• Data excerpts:
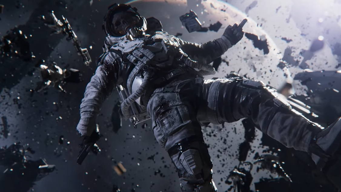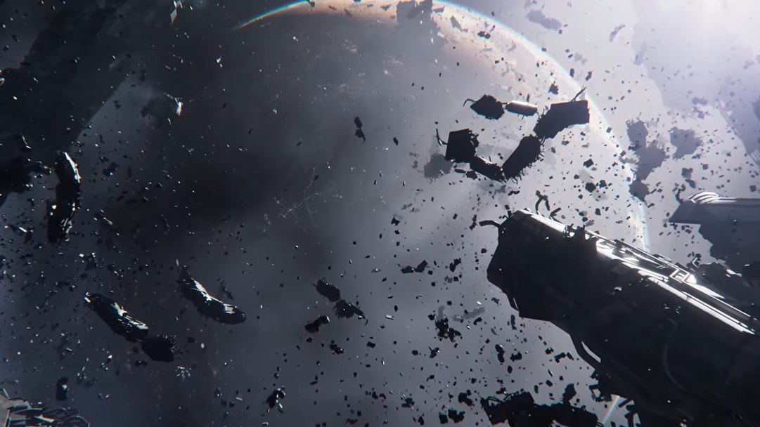 The reveal trailer opens from a soldier's perspective inside what appears to be the destroyed remnants of a city called Mariner City. The camera slowly pulls back to reveal a technologically advanced civilization on Mars, now reduced to rubble. The planet's orbit is littered with wrecked spacecraft and the bodies of cosmonauts drifting through the void. A surviving space station hangs in the distance, seemingly positioned to investigate whatever disaster befell the colony.
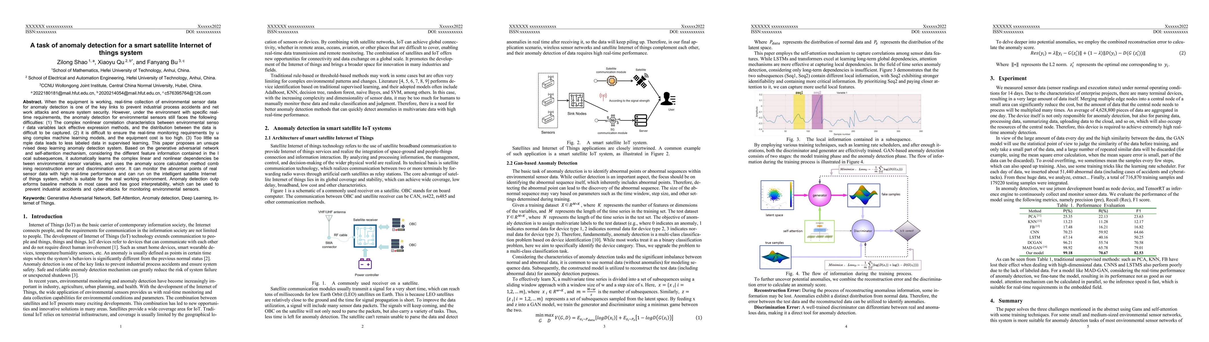 When the equipment is working, real-time collection of environmental sensor data for anomaly detection is one of the key links to prevent industrial process accidents and network attacks and ensure system security. However, under the environment with specific real-time requirements, the anomaly detection for environmental sensors still faces the following difficulties: (1) The complex nonlinear correlation characteristics between environmental sensor data variables lack effective expression methods, and the distribution between the data is difficult to be captured. (2) it is difficult to ensure the real-time monitoring requirements by using complex machine learning models, and the equipment cost is too high. (3) Too little sample data leads to less labeled data in supervised learning. This paper proposes an unsupervised deep learning anomaly detection system. Based on the generative adversarial network and self-attention mechanism, considering the different feature information contained in the local subsequences, it automatically learns the complex linear and nonlinear dependencies between environmental sensor variables, and uses the anomaly score calculation method combining reconstruction error and discrimination error. It can monitor the abnormal points of real sensor data with high real-time performance and can run on the intelligent satellite Internet of things system, which is suitable for the real working environment. Anomaly detection outperforms baseline methods in most cases and has good interpretability, which can be used to prevent industrial accidents and cyber-attacks for monitoring environmental sensors.
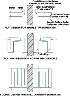 The rotor part of the rotary coupling would also contain n probes at equal angular intervals. A coaxial cable would couple radiation between each of these probes and the radiating element in or on one of the rotor blades. As the rotor turned, the rotor probes would pass through the stationary n-fold symmetric waveguide mode. This would cause the radio-frequency power coupled between each rotor-blade radiating element and the stationary radio equipment to vary with the instantaneous angle of rotation, so that the radiation pattern traced out by each radiating element alone during one complete rotation would exhibit n-fold symmetry. However, because there would be n blades, this pattern would be spatially modulated with another n-fold symmetry characteristic of the spatial relationships among the n radiating elements. A basic theoretical analysis shows that the net effect of the rotating and stationary n-fold symmetries would be to produce a predominantly azimuthally symmetric (non-rotating) far-field radiation pattern.
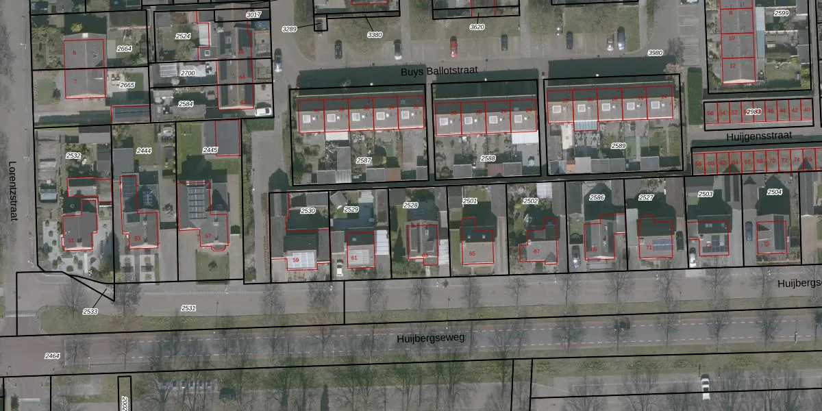 Gebruik de zoekbalk of klik op een perceel om informatie over het perceel te bekijken.
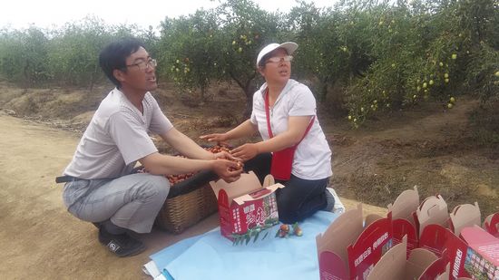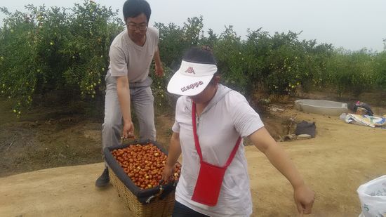 品種培育成功后,夫妻倆立即擴大種植面積。兩人更是將“誠實做人,誠信做事”的理念用在了棗園的經(jīng)營之中,并一如既往地堅持了下去。鄒均亭、谷詠梅都是個有心人,深知誠信經(jīng)營的重要性。為了保證大棗品質(zhì),夫妻二人從一開始就買大廠家、口碑好的肥料,用他倆的話說:“買大廠家的肥料,心里踏實,這樣長出來的棗子才能品質(zhì)好,吃起來放心。”村里有些農(nóng)戶也想進行新品種的種植,兩人便無條件給他們提供技術(shù)支持,幫助他們購置棗樹苗。采購時,夫妻二人總是左挑右選,反復甄別,確保他們購買到優(yōu)質(zhì)樹苗。有時一些棗苗在剛接種時會出現(xiàn)一些問題,兩人都是無條件的幫助農(nóng)戶解決。棗苗如果成活率偏低,倆人還會再從自家的苗木中抽取幾棵給農(nóng)戶。給自家棗樹噴灑農(nóng)藥之前,夫妻倆總是反復研究,先在小范圍進行打藥試驗,在經(jīng)過一段時間,棗樹最低的要藥量確定之后,才在棗園里全部噴灑,最大程度降低農(nóng)藥殘留,確保棗子的食用安全。他們說:“這大棗都是要給咱老百姓自己吃的,咱不能做黑心買賣,農(nóng)藥要盡量少殘留,這樣老百姓吃的時候就能更安全!闭沁@樣的誠信種植,誠信經(jīng)營,倆大學生棗園已經(jīng)成了這十里八鄉(xiāng)的榜樣,用什么化肥,怎么種,這周圍的棗樹種植者都愿意去問問這夫妻倆,大家都說:“這兩口子做人誠信,從來不會騙咱們,聽了他們的建議,咱這棗樹長得是一年比一年好呢!
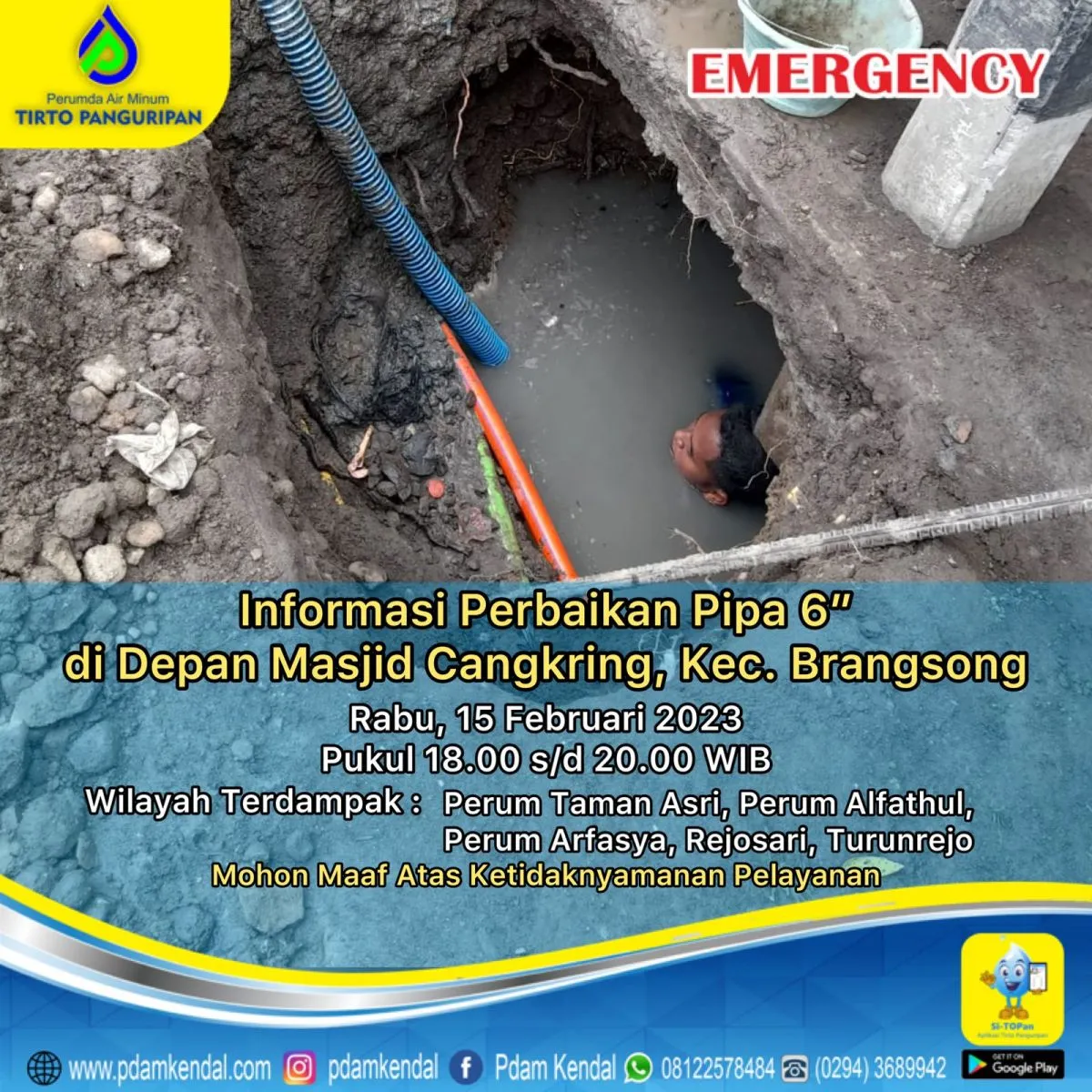 Informasi perbaikan kebocoran pipa 6" di depan masjid Cangkring, Kec. Brangsong
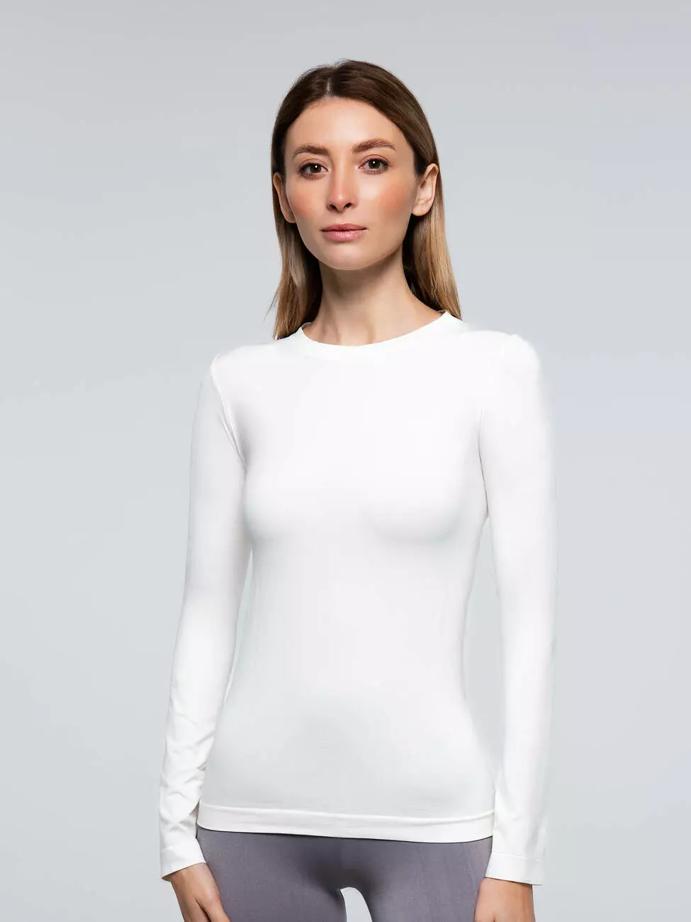 Лонгслів GIULIA — це ідеальний вибір для базового гардеробу, що поєднує в собі комфорт та універсальність. Безшовна модель із круглим вирізом горловини створює ідеальний силует, не сковуючи рухів. Виготовлений з мікрофібри, він стане незамінним як для повсякденних образів, так і першим шаром одягу в прохолодну пору року завдяки щільному плетінню, яке допомагає зберігати тепло.
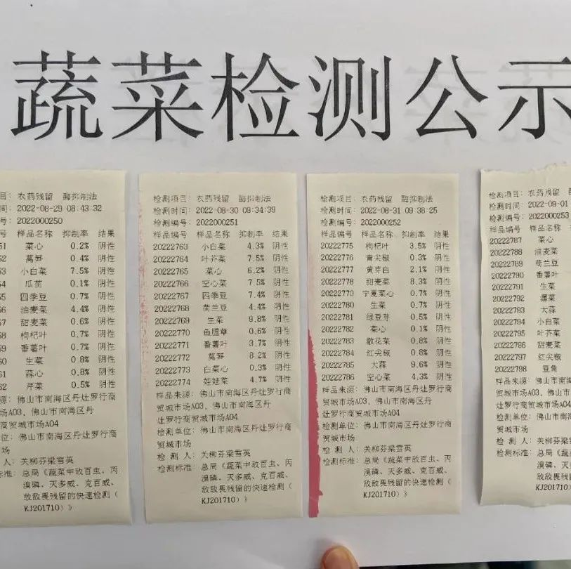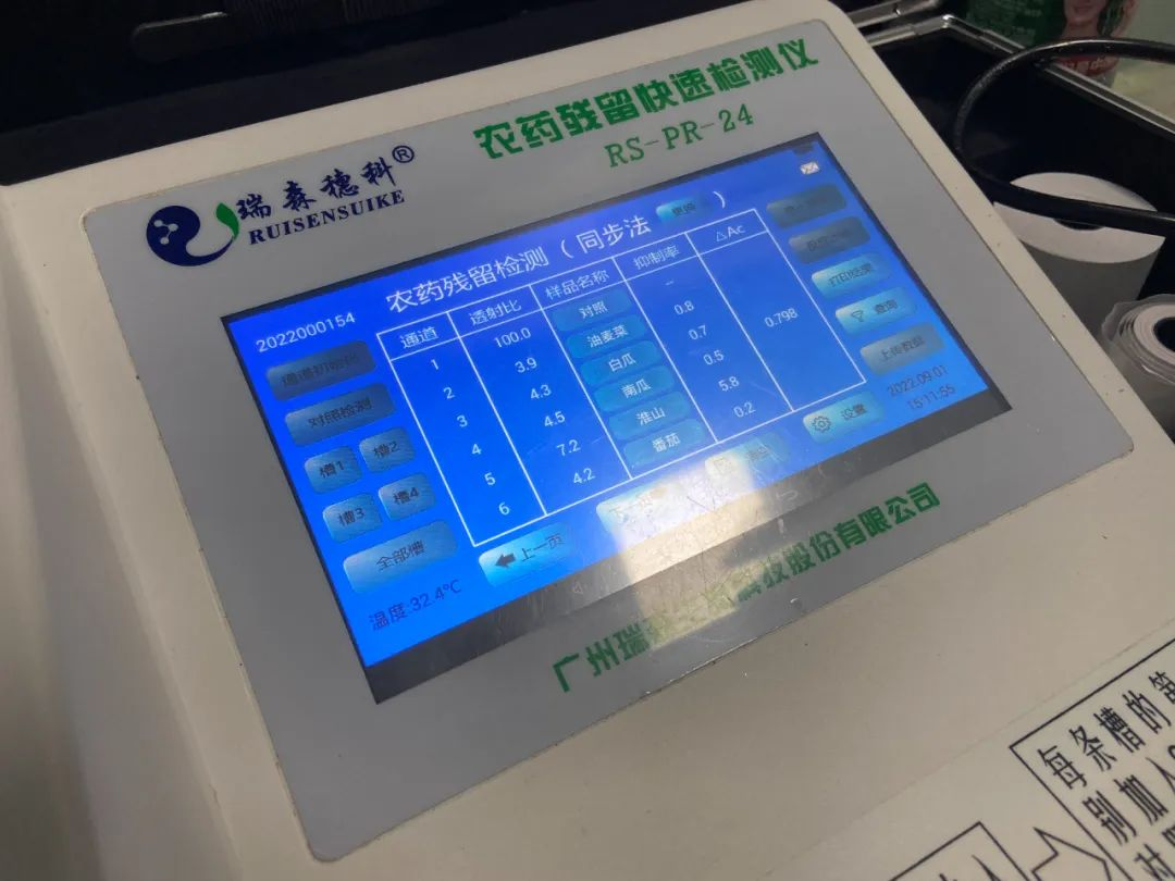 每天早上8点,里水卜蜂莲花超市的工作人员陈漪莉都会随机抽取12批次蔬菜,用全自动农药残留检测仪进行快速检测。“如果发现不合格,我们会下架处理并进行销毁。”
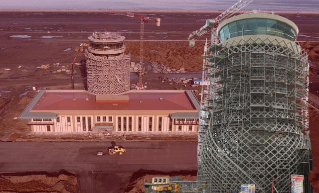 Ulaştırma ve Altyapı Bakanlığı'nca 1000 hektarlık alanda projelendirilen, tamamlandığında Türkiye'nin deniz dolgusuna inşa edilmiş 2'nci havalimanı olacak Rize-Artvin Havalimanı'nın taş- ahşap karışımlı, yöresel mimarili terminal binaları, ilk kez DHA tarafından görüntülendi. 10 katlı bina yüksekliğine eş değer deniz dolgusu biten, üstyapısının da yüzde 80'i tamamlanan projede çay bardağı figürü taşıyan hava kontrol kulesi de ortaya çıktı. Rize Valisi Kemal Çeber, "Giriş takı çay yaprağı, kulesi çay bardağı olan havalimanında Karadeniz mimarisi net bir şekilde görünüyor" dedi.
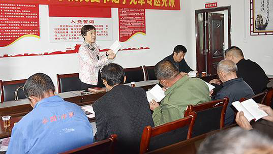 李文莲组织大家学习了《中国共产党党章》,讲述了入党的条件、要求、程序。“我们要对着党章,扪心自问:入党后为党做了什么?”
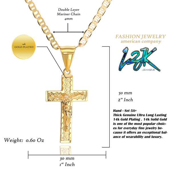 14K Gold Filled Jesus Cross Pendant Gold Filled Over Brass Makes this Necklace Look & Feel as a Real Gold Piece Elegant Pendant Diamond Cut Edges Color: Gold Chain -...
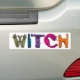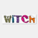 "Witch" spelled out in cute and colorful cartoon Cat Letters, with a white background, on a Bumper Sticker.
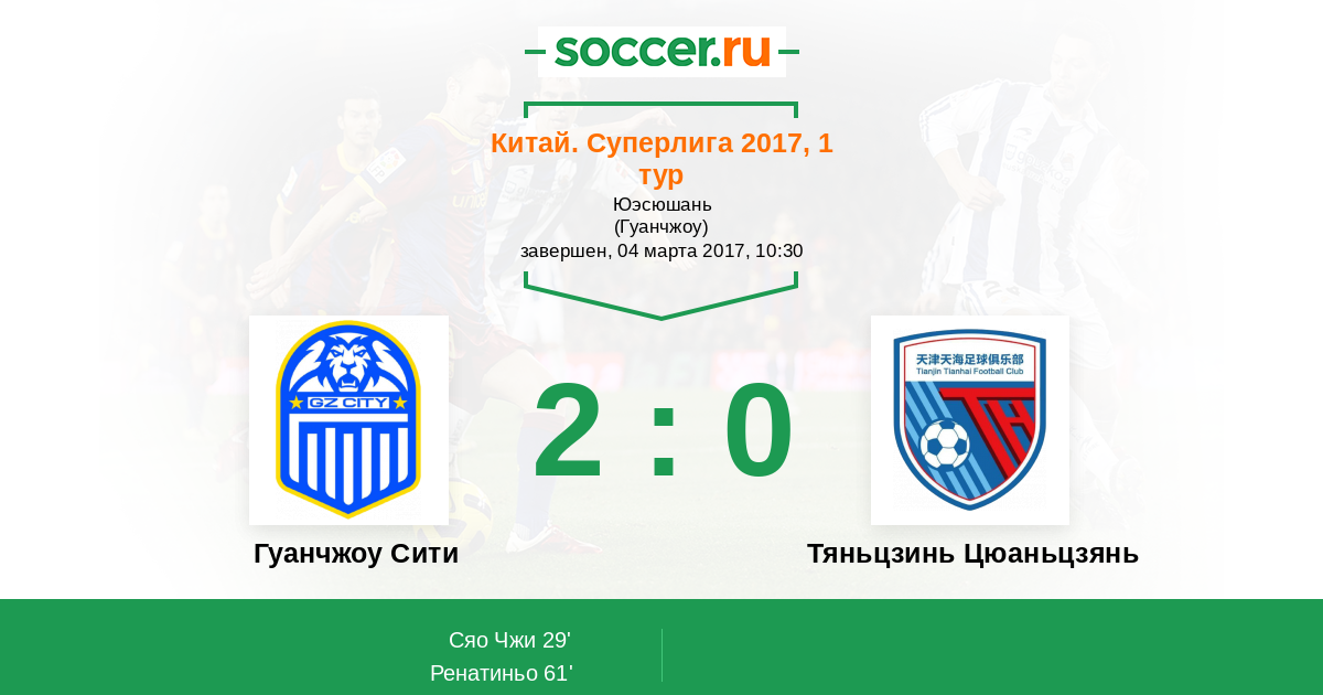 Гуанчжоу Сити - Тяньцзинь Цюаньцзянь: обзор матча 4 марта 2017
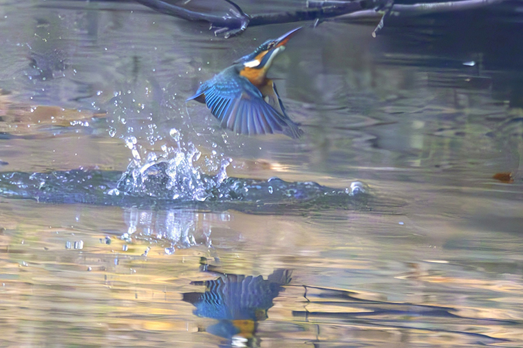 この日は風が穏やかでしたので、水面にカワセミのリフレクションが映りました。
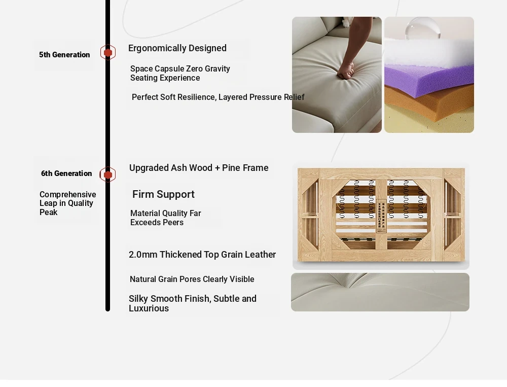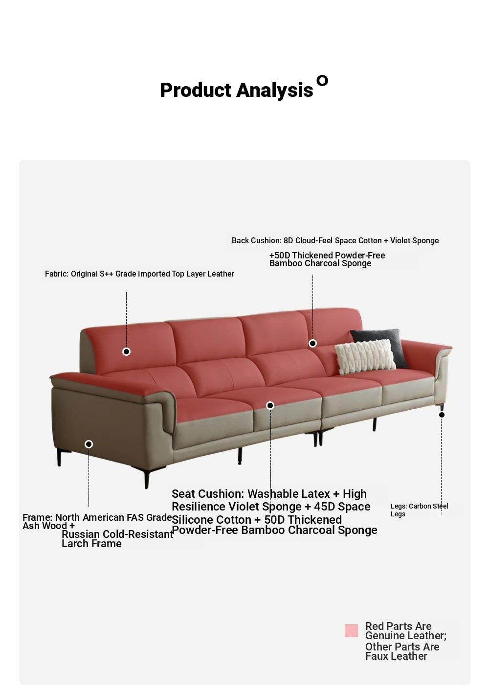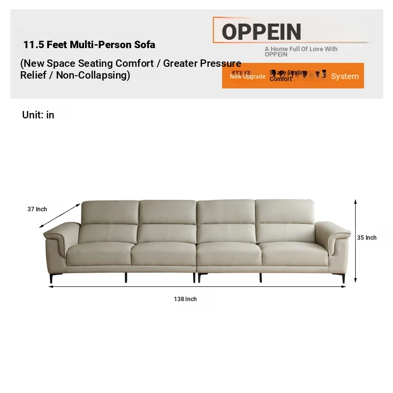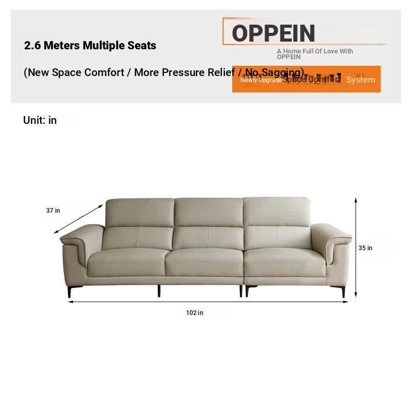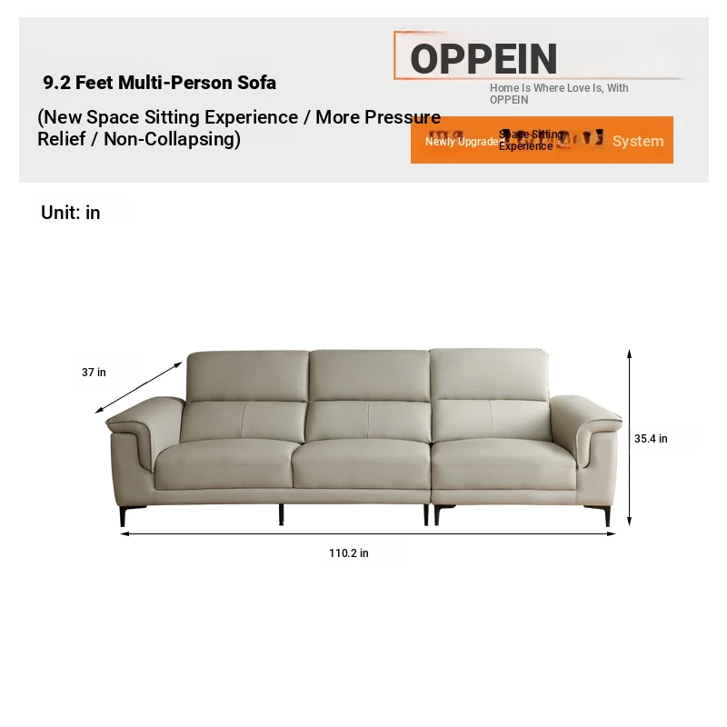 Oupai Modern Minimalist Genuine Leather Sofa - Multi-Seat Top-Grain Cowhide Living Room Italian Style Sleek Design
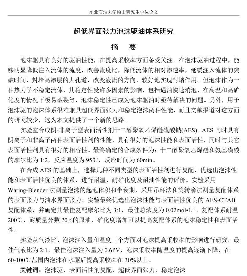超低界面張力泡沫驅(qū)油體系研究

• TASK GOAL:
Lines from the one above containing "品種培育成功后,夫妻倆立即擴" down to the one containing "Informasi perbaikan kebocoran" should be transcribed exactly, with both ends kept and no pictures.

• RESULT:
 品種培育成功后,夫妻倆立即擴大種植面積。兩人更是將“誠實做人,誠信做事”的理念用在了棗園的經(jīng)營之中,并一如既往地堅持了下去。鄒均亭、谷詠梅都是個有心人,深知誠信經(jīng)營的重要性。為了保證大棗品質(zhì),夫妻二人從一開始就買大廠家、口碑好的肥料,用他倆的話說:“買大廠家的肥料,心里踏實,這樣長出來的棗子才能品質(zhì)好,吃起來放心。”村里有些農(nóng)戶也想進行新品種的種植,兩人便無條件給他們提供技術(shù)支持,幫助他們購置棗樹苗。采購時,夫妻二人總是左挑右選,反復甄別,確保他們購買到優(yōu)質(zhì)樹苗。有時一些棗苗在剛接種時會出現(xiàn)一些問題,兩人都是無條件的幫助農(nóng)戶解決。棗苗如果成活率偏低,倆人還會再從自家的苗木中抽取幾棵給農(nóng)戶。給自家棗樹噴灑農(nóng)藥之前,夫妻倆總是反復研究,先在小范圍進行打藥試驗,在經(jīng)過一段時間,棗樹最低的要藥量確定之后,才在棗園里全部噴灑,最大程度降低農(nóng)藥殘留,確保棗子的食用安全。他們說:“這大棗都是要給咱老百姓自己吃的,咱不能做黑心買賣,農(nóng)藥要盡量少殘留,這樣老百姓吃的時候就能更安全!闭沁@樣的誠信種植,誠信經(jīng)營,倆大學生棗園已經(jīng)成了這十里八鄉(xiāng)的榜樣,用什么化肥,怎么種,這周圍的棗樹種植者都愿意去問問這夫妻倆,大家都說:“這兩口子做人誠信,從來不會騙咱們,聽了他們的建議,咱這棗樹長得是一年比一年好呢!
 Informasi perbaikan kebocoran pipa 6" di depan masjid Cangkring, Kec. Brangsong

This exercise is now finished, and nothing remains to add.